Of course, every one wanted to know the cause of the sudden stoppage. Happily for the anxious travelers, the conductor now appeared, and as he hastened through the car on his way to the rear platform, be was beset by eager questioners.

A short reply was vouchsafed. The engine had struck a man.

Three short blasts of the whistle followed, and the train slowly backed down the track. Only a few rods were traversed before the signal to stop was given. I looked out the window, and saw lying amongst the bushes a black object, which was readily recognized as a human form.

The train continued to move until the baggage-car came opposite to the body, when it stopped. Together with several passengers I stepped out of the car and approached the ghastly figure.

The trainmen had already gathered about it, and one man—the conductor—was turning the head around so as to expose the face.

"Is he dead?" asked one of the passengers, in a low voice.

"Dead!" said a man who was kneeling by the side of the body—dead! Well, I should may so! I don't believe he drew a breath after the engine struck him. Don't you see his head is all smashed in? If there is a bone in his body that ain't broke, then it ain't the fault of the engine."

I turned to look at the engine as it stood hissing and foaming near the spot where it had just dashed the life out of a human being, and I shuddered involuntarily as I saw the fireman, pour a bucket of water over the pilot, and carelessly wash away the blood and brains and hair with which the front of the locomotive was bespattered.

At this moment the safety-valve lifted, and a cloud of steam leaped into the air with a deafening noise, effectually precluding all further attempts at conversation. Casting one look at the horrible mass of quivering flesh which the trainmen were lifting into the baggage-car, I returned to my seat in the Pullman, sick with horror, and with nerves unstrung.

To be sure, it was only a man killed. Nearly everyday of my life I had noticed a two or three-line paragraph in my newspaper, announcing to the busy world that, another man had been, ran over and killed on the railroad; but I rarely gave it a moment's thought.

It was only another death—and surely deaths were not so uncommon as to call for a particular remark. But now I saw one face to face, and not as in a glass, darkly, and I felt as if a new world of thought had been suddenly disclosed to me.
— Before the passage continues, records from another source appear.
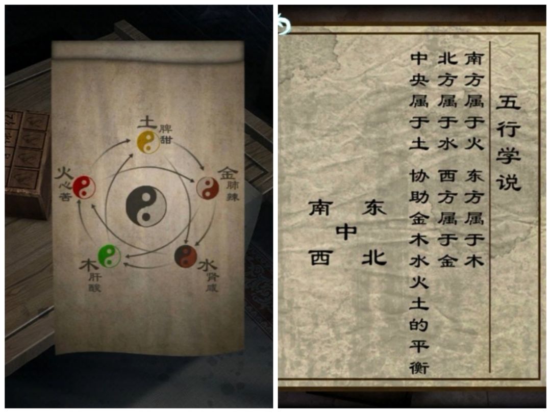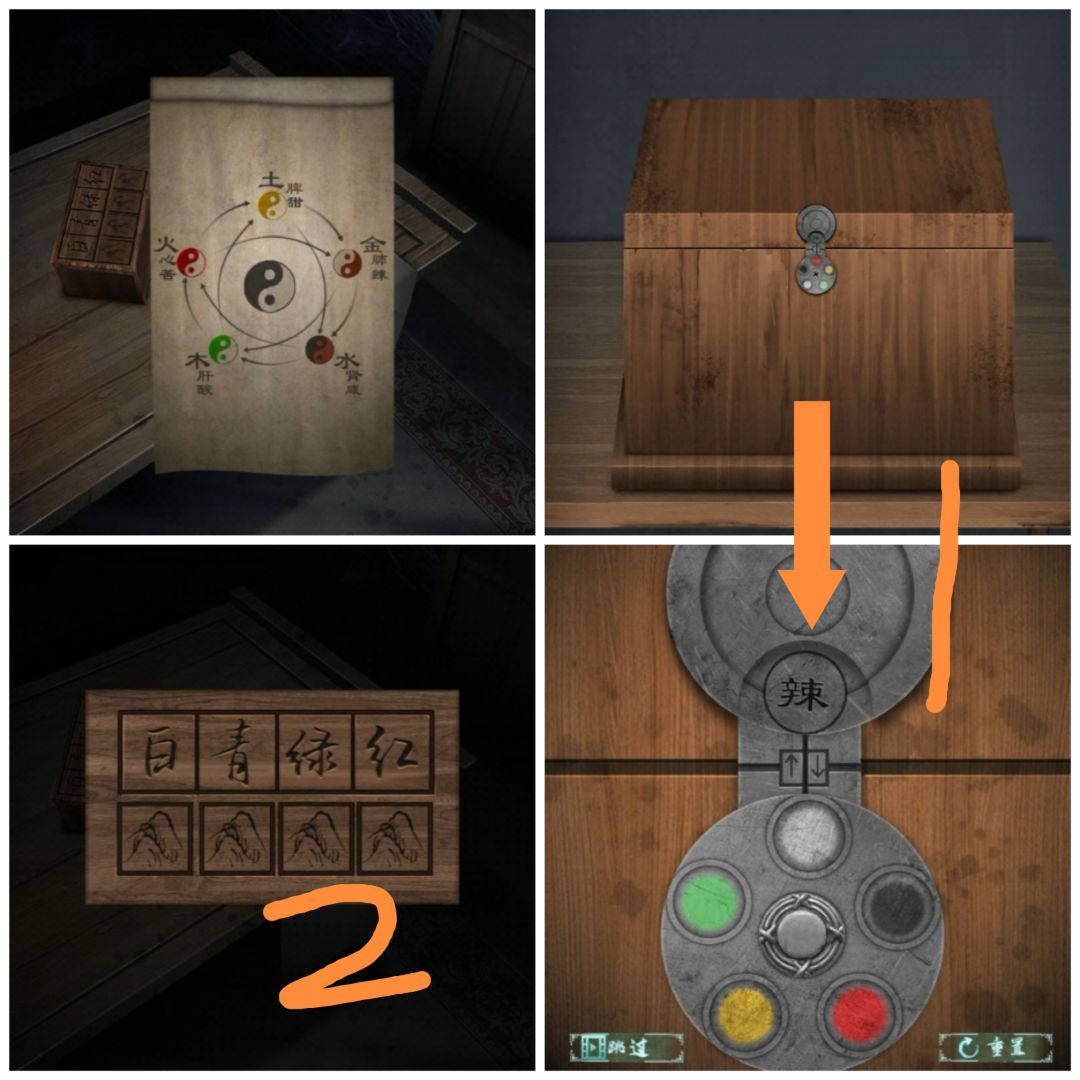 把颜色与五味一一对应打开盒子,得到五脏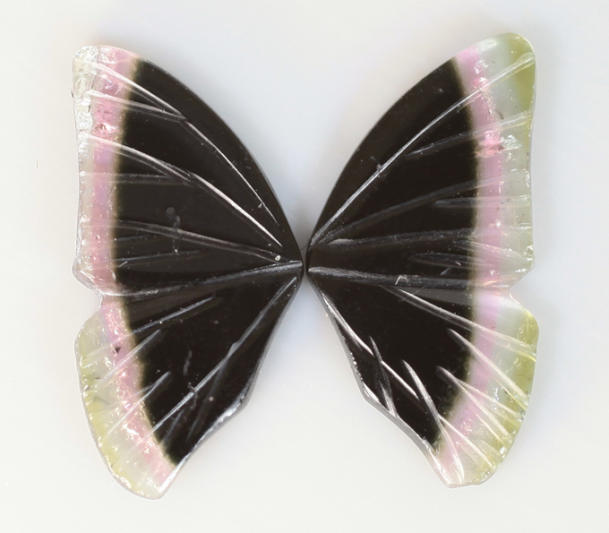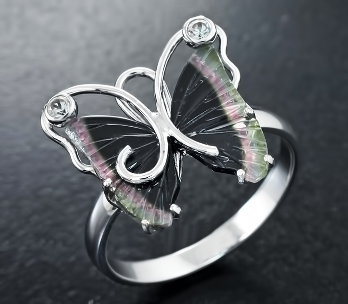 Кольцо с резными турмалинами 2,27 карата и бесцветными цирконами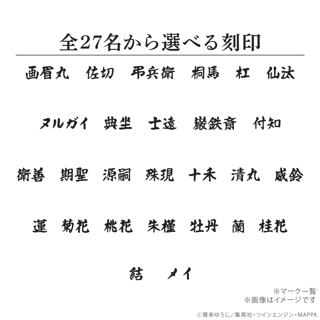 内側には「画眉丸」「佐切」「弔兵衛」「桐馬」「杠」など、27名の中から選んだキャラクターの名前を刻印します。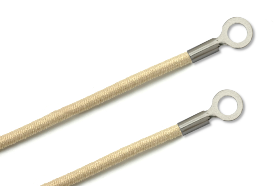 Beschreibung: Gummischnüre, 2,2 mm Durchmesser, beige   mit 2 Kabelschuhen,... altro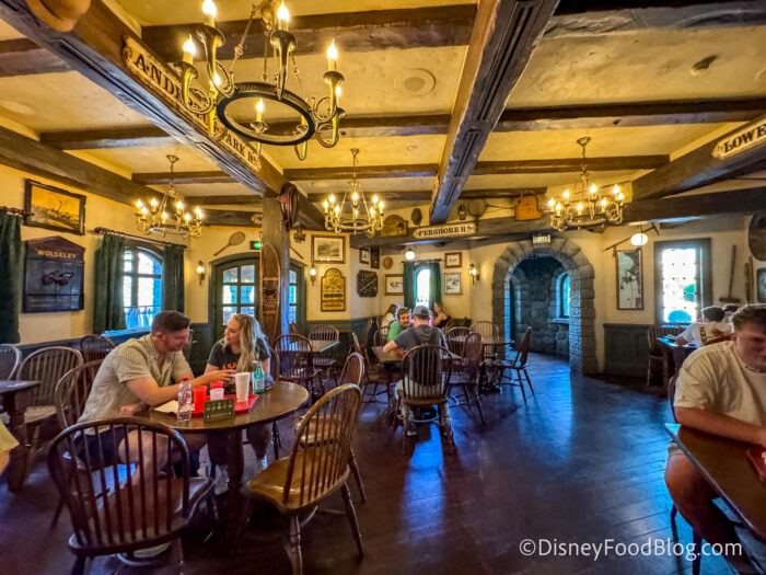 We think this is a reliable option in a park where food is hit-or-miss. Will you be thinking of these Fish & Chips forever and ever? Most likely not. But you will likely leave feeling full and satisfied, and having had an enjoyable meal. Plus, the restaurant was so much fun to eat at, and we loved admiring all the details!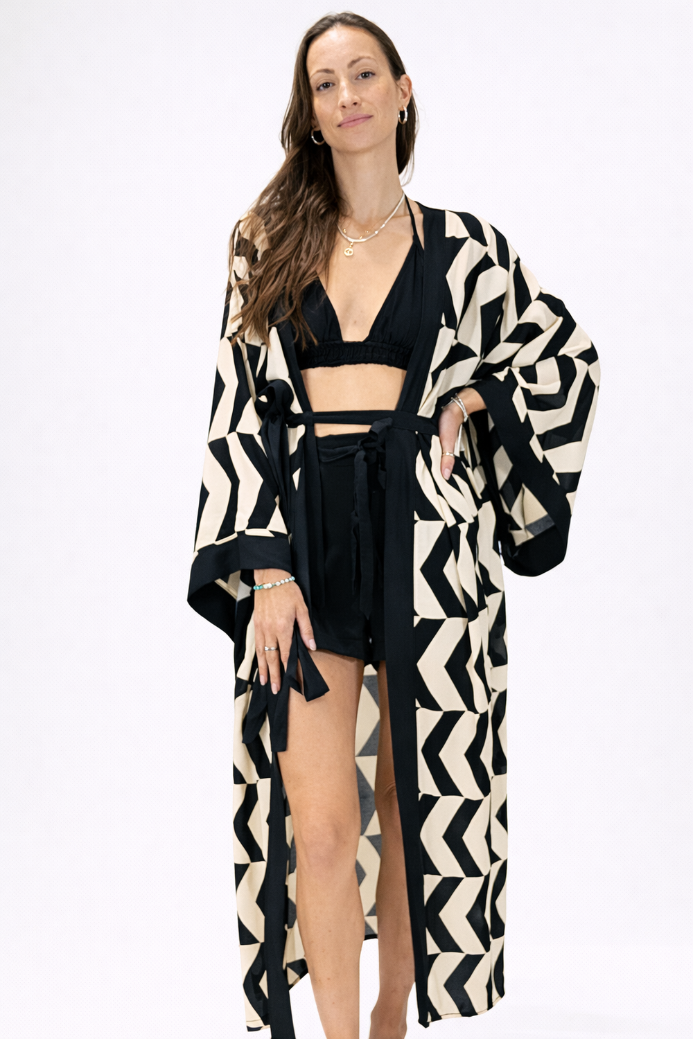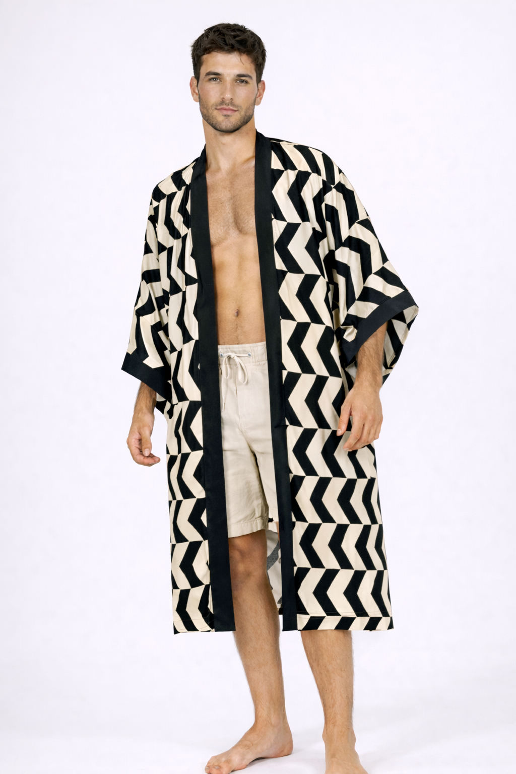 קימונו/ עליונית ויסקוז, שחורה נטורל זיגזג לגבר

Civilized men cannot bear to see the human body treated with indignity. They likewise cannot bear to see human life ruthlessly sacrificed. It has taken thousands of years to elevate men to this height; but now that they have reached it, they see that they owe their present high state of civilization to the respect with which human beings are now treated.

Love and admiration for mankind elevate men above the savages. The ancient Greeks thought so highly of men that they ascribed human bodies to their gods, and sought to represent the divine persons by means of statues.

Christianity would have failed had it not been that Christ was a God in a human body. His presence in the flesh dignified it, and has caused the human race to look upon their fellow-men with increased respect, knowing that the human body is indeed a "temple where a god may dwell."

The above thoughts passed through my mind as the train proceeded on the journey which had been so fatally interrupted. It was soon running at full speed, only to stop again at a small station at which the conductor had determined to leave the body.

This caused a delay of a few minutes, but the time lost was quickly regained after the train started, for in a very short time we were rolling over the rails at the rate of forty-five miles an hour.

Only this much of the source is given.